Toxicology Flashcards
Explain the GABA receptor mechanism behind alcohol withdrawal
Chronic alcoholics GABA receptors lose sensitive due to overstimulation. Therefore, in withdrawal. In response glutamate (excitatory is produced in excess. In withdrawal, there is a removal of that inhibitor, and an imbalance leading to over-excitation
Symptoms of alcohol withdrawal
6-12h: tremor, sweating, headache, craving, anxiety.
12-24h- hallucination
24-48h: seizure
24-72h: delirium tremens
Treatment of alcohol withdrawal
Give thiamine. If CIWA >10, give a benzodiapine. In alcohol withdrawal without delirium tremens or seizures, give chlordiazepoxide. If delirium tremens or seizures, give short acting like lorazepam. Preferably symptom based approach.
Treatment of delirium tremens.
High dose diazepam or lorazepam + antipsychotics if not controlled after >130 mg chlordiazepoxide in 1h give antipsychotics (haloperidol or olanzapine)
Classic triad wernickes encephalopathy
Ataxia, oculomotor dysfunction, acute encephalopathy
Korsakoff syndrome causes
Chronic alcoholism, malabsorption, glucose infusion
Triad of korsakoff syndrome
Confabulation, irreversible anterograde and retrograde amnesia
Signs of opioid overdose
Needle track marks, pinpoint pupils, bradypnoea
Opioid overdose treatment
Naloxone
Effect of TCA by different blocking mechanisms
Anticholinergic: mydriasis, confusion, dry mucous membranes, hot and flushed
Serotonin reuptake inhibitor: seizures
Alpha-adrenergic blockade (present in arteries): hypotension due to vasodilation
Na channel blockade: widened QRS and dominant R wave in AVr
Management of TCA toxicity
If <2h, activated charcoal
If hypotension, arrhythmia or acidosis, IV sodium bicarbonate
Symptoms and management of benzodiazepine overdose
Main features are extreme sedation, unremarkable vital signs and anterograde amnesia. In severe cases in can progress to coma and respiratory depression.
Management - supportive mainly and can give flumazenil in non-benzo dependent ppl but not to benzo dependent due to risk of seizure
Explain physiology of aspirin overdose
Initially, aspirin stimulates the brain stem causing tachypnoea - respiratory alkalosis.
Then, uncoupling of oxidative phosphorylation causes buildup of acid products leading to a metabolic acidosis.
Symptoms of salicylate poisoning and management
Tachypnoea, confusion, coma,convulsions, N&V
Management includes activated charcoal if patient presents within 1h, , supportive measures, management of fluids and hypokalaemia.
Blood results in paracetamol overdose (LFTs, PT, INR, lactate)
LFTs: deranged
Lactate: high with acidosis
PT: prolonged
INR: high
Management of paracetamol overdose
<8h
Activated charcoal if within 1h
Take paracetamol conc at 4h.
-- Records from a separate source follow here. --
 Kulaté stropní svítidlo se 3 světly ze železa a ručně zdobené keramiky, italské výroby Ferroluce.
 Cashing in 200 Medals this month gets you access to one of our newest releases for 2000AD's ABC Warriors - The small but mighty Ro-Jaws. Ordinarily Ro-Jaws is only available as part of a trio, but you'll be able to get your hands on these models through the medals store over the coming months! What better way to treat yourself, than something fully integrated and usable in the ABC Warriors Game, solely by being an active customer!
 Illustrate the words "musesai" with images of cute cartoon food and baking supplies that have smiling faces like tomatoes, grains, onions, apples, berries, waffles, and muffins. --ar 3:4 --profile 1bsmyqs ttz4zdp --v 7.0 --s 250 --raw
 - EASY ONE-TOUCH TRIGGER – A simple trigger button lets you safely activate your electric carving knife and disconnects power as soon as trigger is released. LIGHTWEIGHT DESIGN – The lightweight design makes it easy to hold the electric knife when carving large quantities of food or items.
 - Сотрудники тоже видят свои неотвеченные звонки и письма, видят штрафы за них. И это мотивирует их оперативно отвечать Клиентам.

If warranted treat with acetylcystein until INR <1.4
> 8h
Take paracetamol conc STAT and start acetylcystein if indicated.
When to give acetylcystein immediately
When >150mg/kg and cannot get a paracetamol concentration within 8h of overdose. Or anytime after 24 with hepatic issues
Given as 150mg/kg over 1h, then 50mg over 4h, then 100mg over 16h.
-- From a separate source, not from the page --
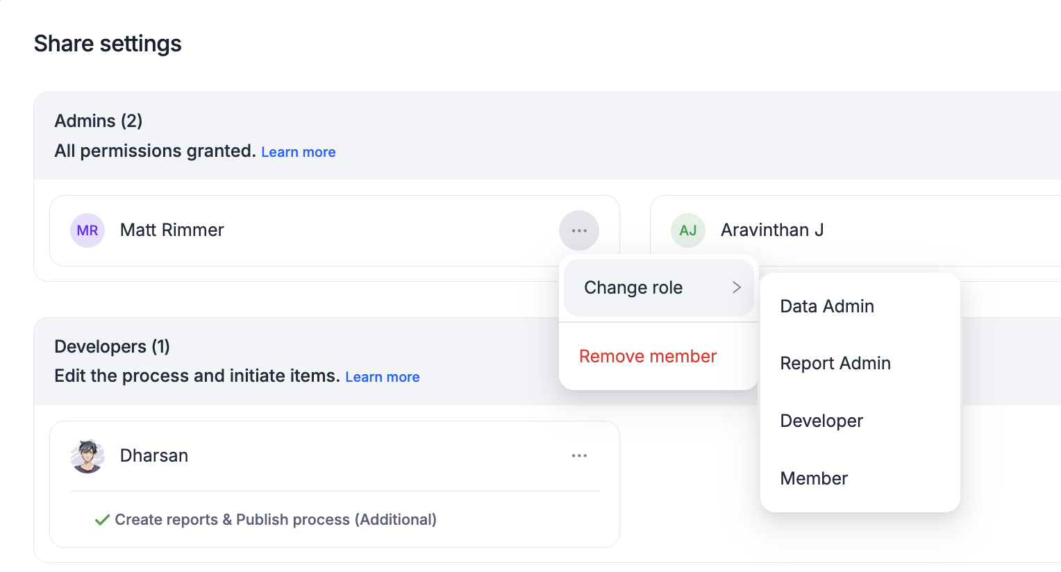 - Add Process Admins, Process Developers, Data Admins, Report Admins, and Members anytime in the due course of the process.
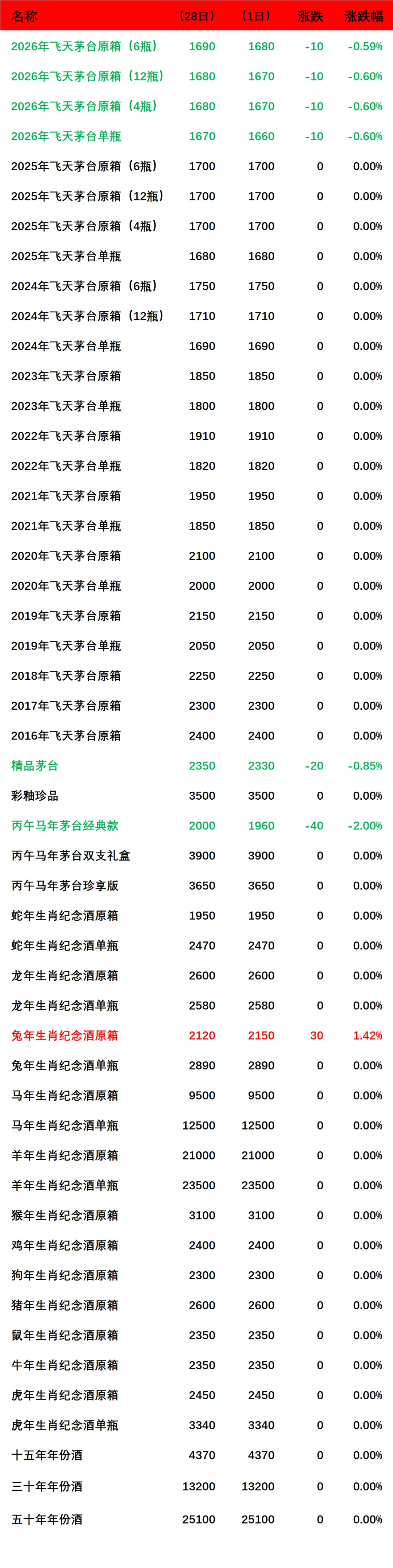 丙午马年经典版,精品茅台,2026年飞天茅台原箱(4瓶、6瓶和12瓶)和单瓶等多个产品下跌。

Diagnostic ABG finding of CO poisoning and management
Carboxyhaemoglobin>20%. 100% oxygen via mask, hyperbaric oxygen if available.
Cocaine overdose symptoms
Hyper adrenergic state: agitation, anxiety, dilated pupil, diaphoresis, hyperreflexia, hyperthermia, hallucination…
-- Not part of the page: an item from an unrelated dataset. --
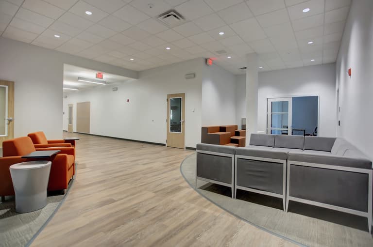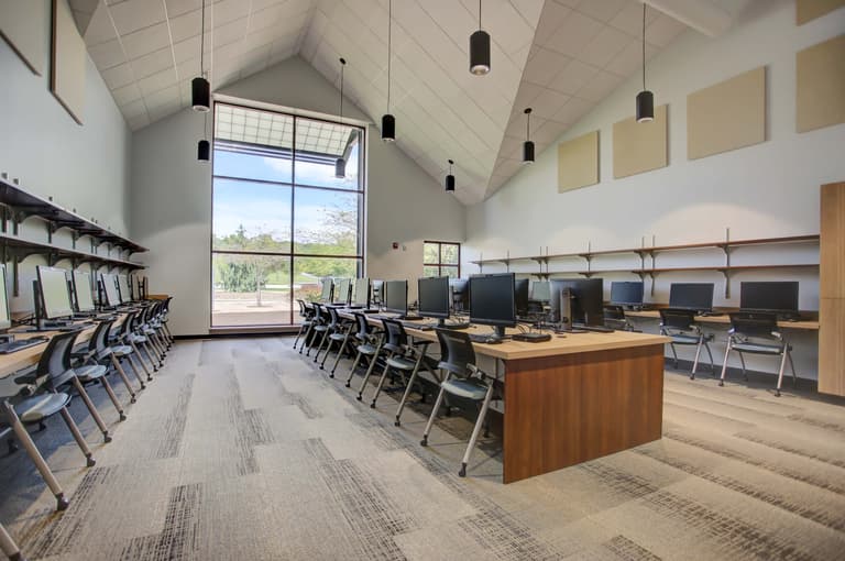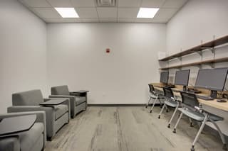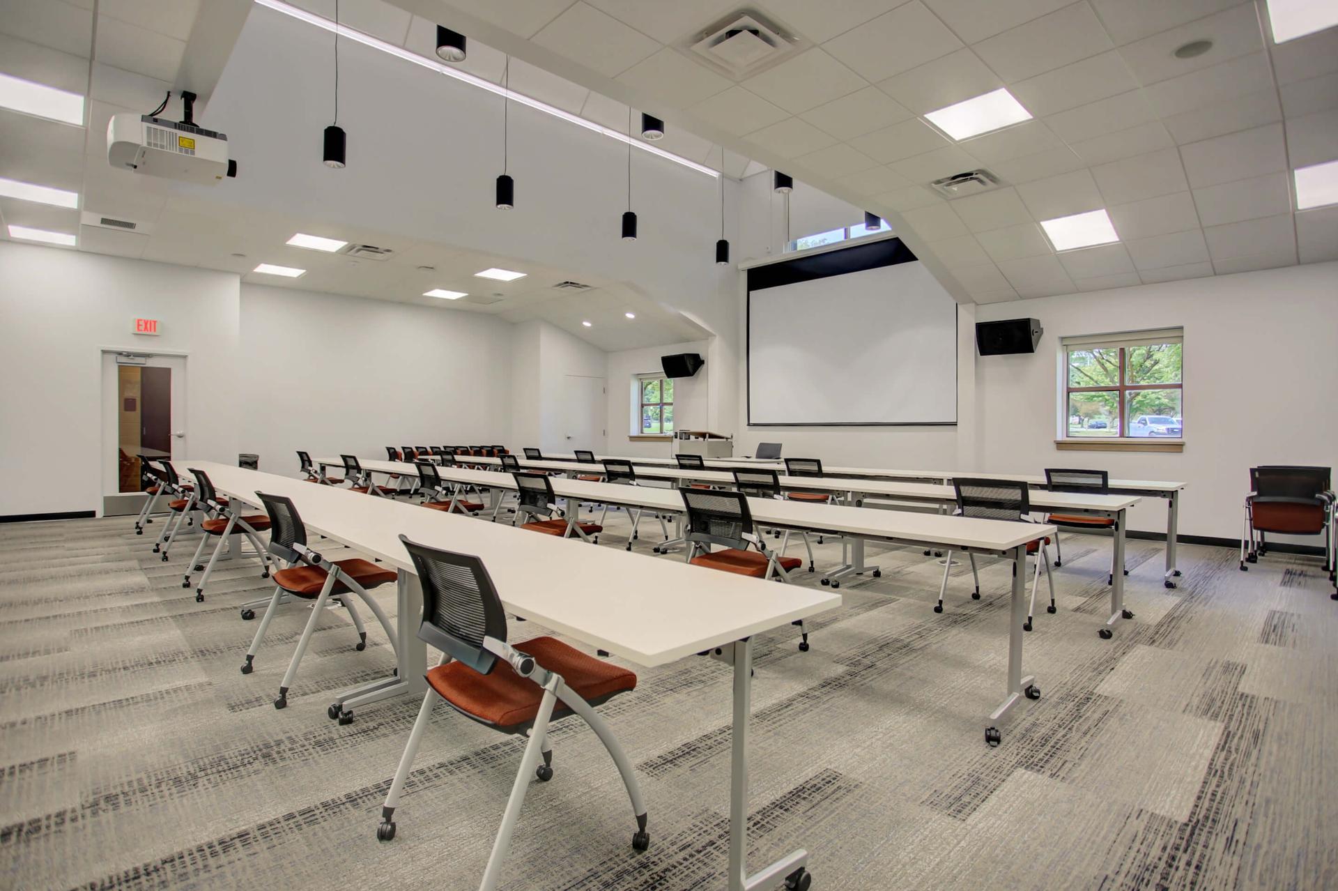 A spacious thirty-student Clinical Speech Lab, Lab Workroom, two group Study Rooms and a Lounge area provide ample resource areas and include windows to keep students connected to the natural world.

When can you safely discharge a patient with paracetamol overdose
And at the end of the 24 hour treatment ALT is less than two times the upper limit of normal and a ALT is not more than double the admission measurement and I and our is 1.3 or less
A pattern of substance use that is causing damage or harm to the user
Harmful use. Can be physical, psychological or social.
A cluster of symptoms that occur after repeated substance use where taking the substance takes over aspects of life. Leads to tolerance, compulsion, withdrawal.
Dependency
Classical Pavlovian conditioning
Cravings become associated with cues
Operant conditioning
Drug makes you feel good so you want to do it again.